◆ Work to complete
Where an entry contains an image, skip the image and print the rest exactly.

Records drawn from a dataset
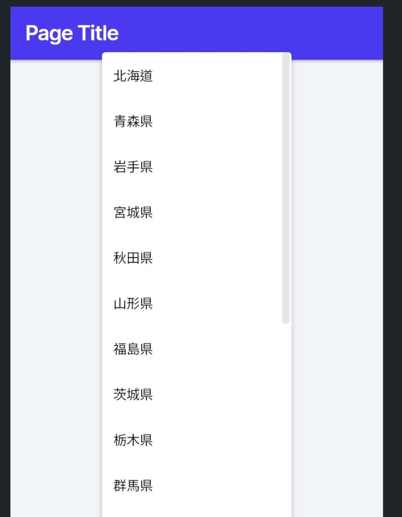 「APIで取得したデータ(都道府県のidとnameのリスト)を参照させ、都道府県データの name (都道府県名のテキスト)をドップダウン項目に設定する」
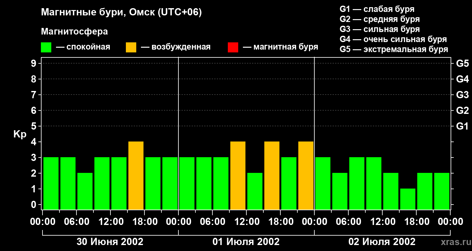 Изменения геомагнитного индекса Kp с 30 июня по 2 июля 2002 года для средних широт
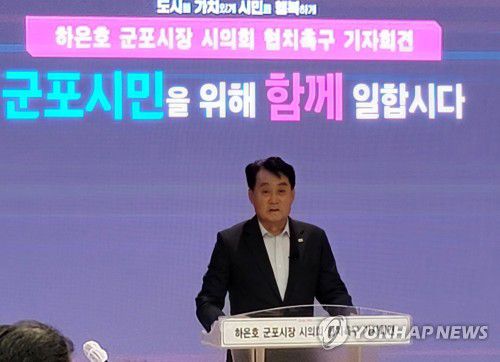 (군포=연합뉴스) 김인유 기자 = 민선 8기 들어 더불어민주당이 다수당인 시의회와 갈등을 빚고 있는 하은호(국민의힘) 경기 군포시장이 협치와 소통을 통해 하나가 되자고 시의회에 촉구했다.
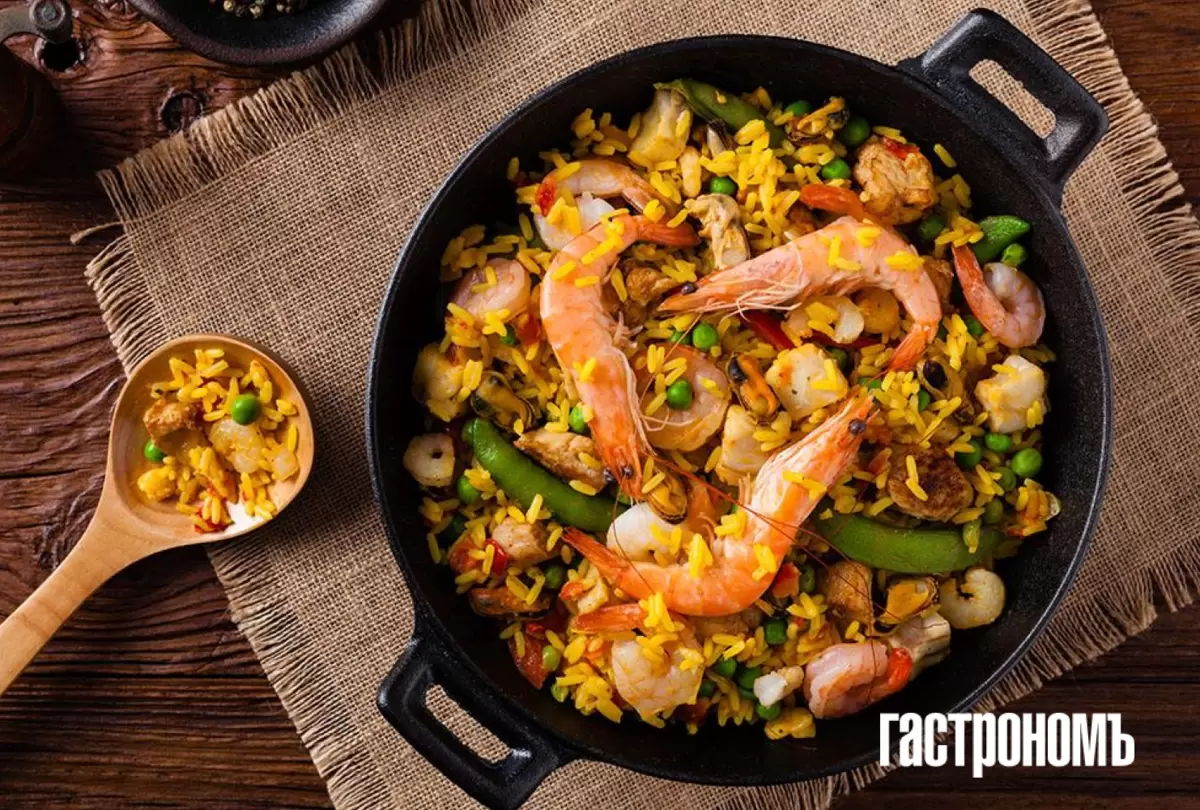 Паэлья с королевскими креветками - это не просто еда, а настоящая кулинарная ассамблея, которая украсит любой праздник. Для её приготовления используется специальная сковорода с широким дном, но если таковой нет, подойдет и обычная глубокая сковорода диаметром 28-30 см. Если получится найти «бомба» - специальный рис для паэльи, смело используйте его, но многие шеф-повара утверждают, что рис для ризотто может дать даже лучший результат.
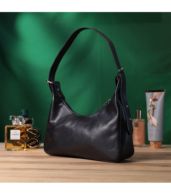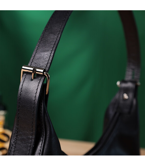 Описание Женская сумка багет с регулируемым ремнем из гладкой натуральной кожи Shvigel 22834 Черная
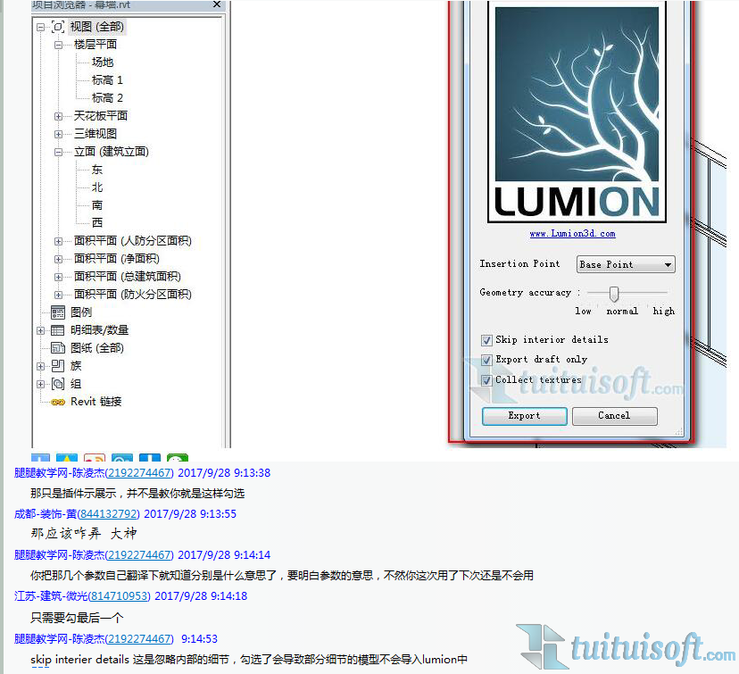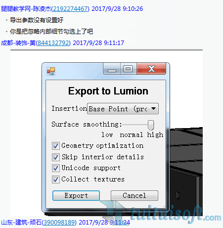 Geometry optimization意思是:幾何優化;Skip interior details意思是:跳過內部細節;Unicode support意思是:支持;Collect textures意思是:收集文理。對于導出的模型沒有族或者其他的細部構件,主要是在參數設置里沒有把“內部細節勾上。
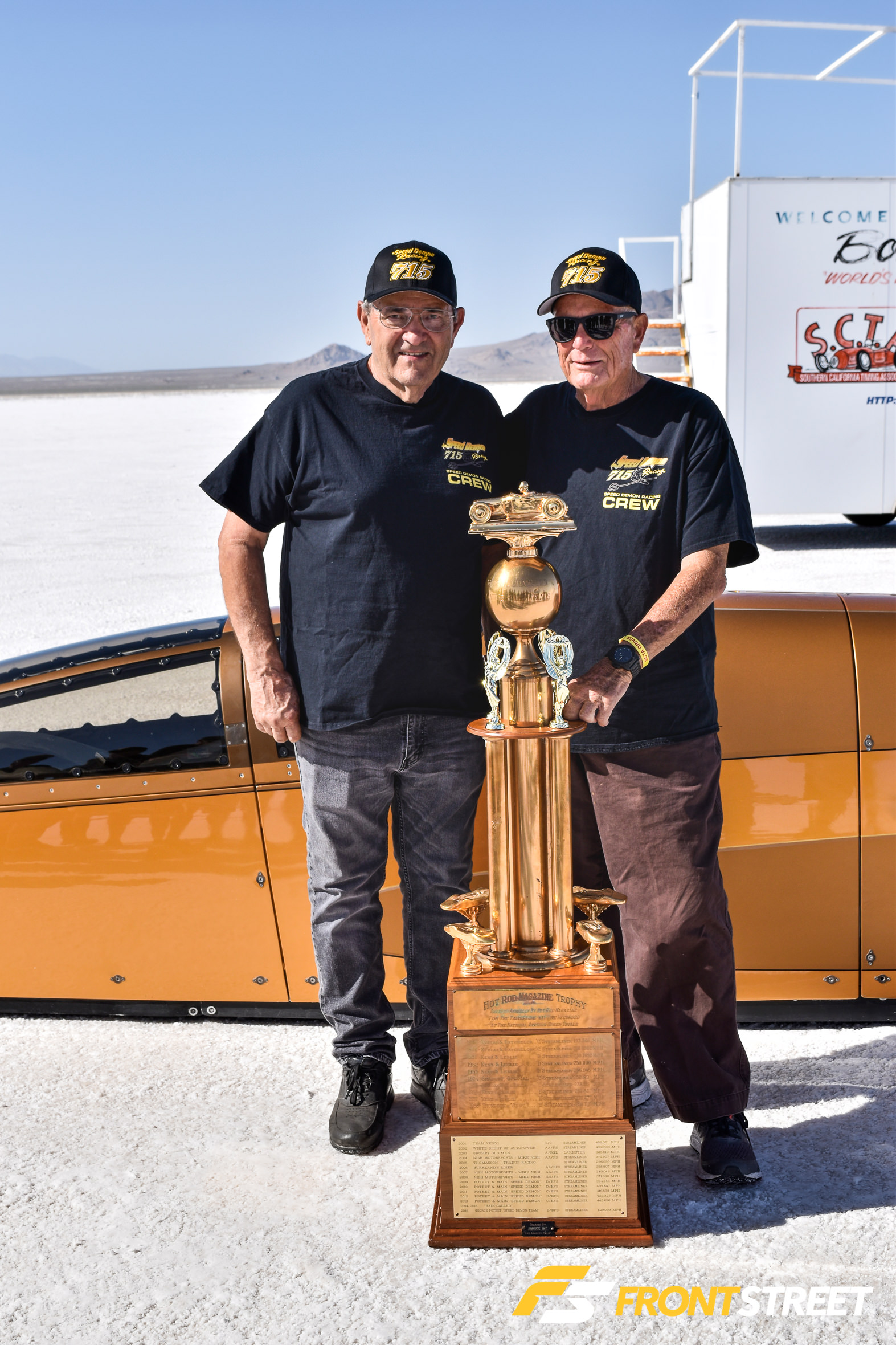 Late Monday afternoon, they qualified for the AA/BFS record with a speed of 428.182 mph. Tuesday morning, they finally set the new record to 439.246 mph based on a 450.311 fifth mile average combined with the previous day’s qualifying speed. Still, Poteet and the team were not satisfied. The engine builder, Kenny Duttweiler, knew there was plenty of speed left in the combination. George wanted to set a record well over 450 mph to reclaim the title of the fastest piston-powered car. That title was held by Danny Thompson, who drove the Challenger II AA Fuel Streamliner to a 448.757 mph record in 2018.
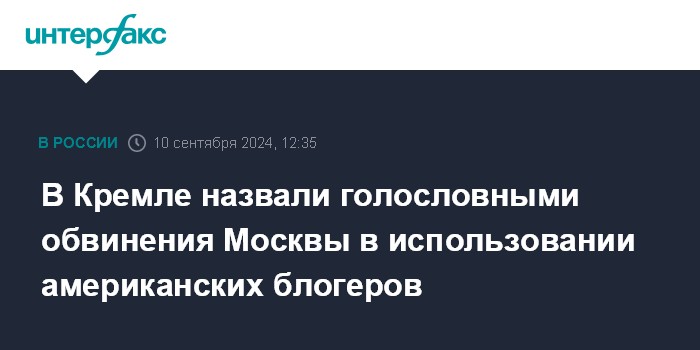 Москва. 10 сентября. INTERFAX.RU - Пока Вашингтон не назовет имена блогеров, которых якобы использует Россия для влияния на общественное мнение в США, эти обвинения останутся голословными, заявил пресс-секретарь президента Дмитрий Песков.

◆ Reply to the exercise
 「APIで取得したデータ(都道府県のidとnameのリスト)を参照させ、都道府県データの name (都道府県名のテキスト)をドップダウン項目に設定する」
 Изменения геомагнитного индекса Kp с 30 июня по 2 июля 2002 года для средних широт
 (군포=연합뉴스) 김인유 기자 = 민선 8기 들어 더불어민주당이 다수당인 시의회와 갈등을 빚고 있는 하은호(국민의힘) 경기 군포시장이 협치와 소통을 통해 하나가 되자고 시의회에 촉구했다.
 Паэлья с королевскими креветками - это не просто еда, а настоящая кулинарная ассамблея, которая украсит любой праздник. Для её приготовления используется специальная сковорода с широким дном, но если таковой нет, подойдет и обычная глубокая сковорода диаметром 28-30 см. Если получится найти «бомба» - специальный рис для паэльи, смело используйте его, но многие шеф-повара утверждают, что рис для ризотто может дать даже лучший результат.
 Описание Женская сумка багет с регулируемым ремнем из гладкой натуральной кожи Shvigel 22834 Черная
 Geometry optimization意思是:幾何優化;Skip interior details意思是:跳過內部細節;Unicode support意思是:支持;Collect textures意思是:收集文理。對于導出的模型沒有族或者其他的細部構件,主要是在參數設置里沒有把“內部細節勾上。
 Late Monday afternoon, they qualified for the AA/BFS record with a speed of 428.182 mph. Tuesday morning, they finally set the new record to 439.246 mph based on a 450.311 fifth mile average combined with the previous day’s qualifying speed. Still, Poteet and the team were not satisfied. The engine builder, Kenny Duttweiler, knew there was plenty of speed left in the combination. George wanted to set a record well over 450 mph to reclaim the title of the fastest piston-powered car. That title was held by Danny Thompson, who drove the Challenger II AA Fuel Streamliner to a 448.757 mph record in 2018.
 Москва. 10 сентября. INTERFAX.RU - Пока Вашингтон не назовет имена блогеров, которых якобы использует Россия для влияния на общественное мнение в США, эти обвинения останутся голословными, заявил пресс-секретарь президента Дмитрий Песков.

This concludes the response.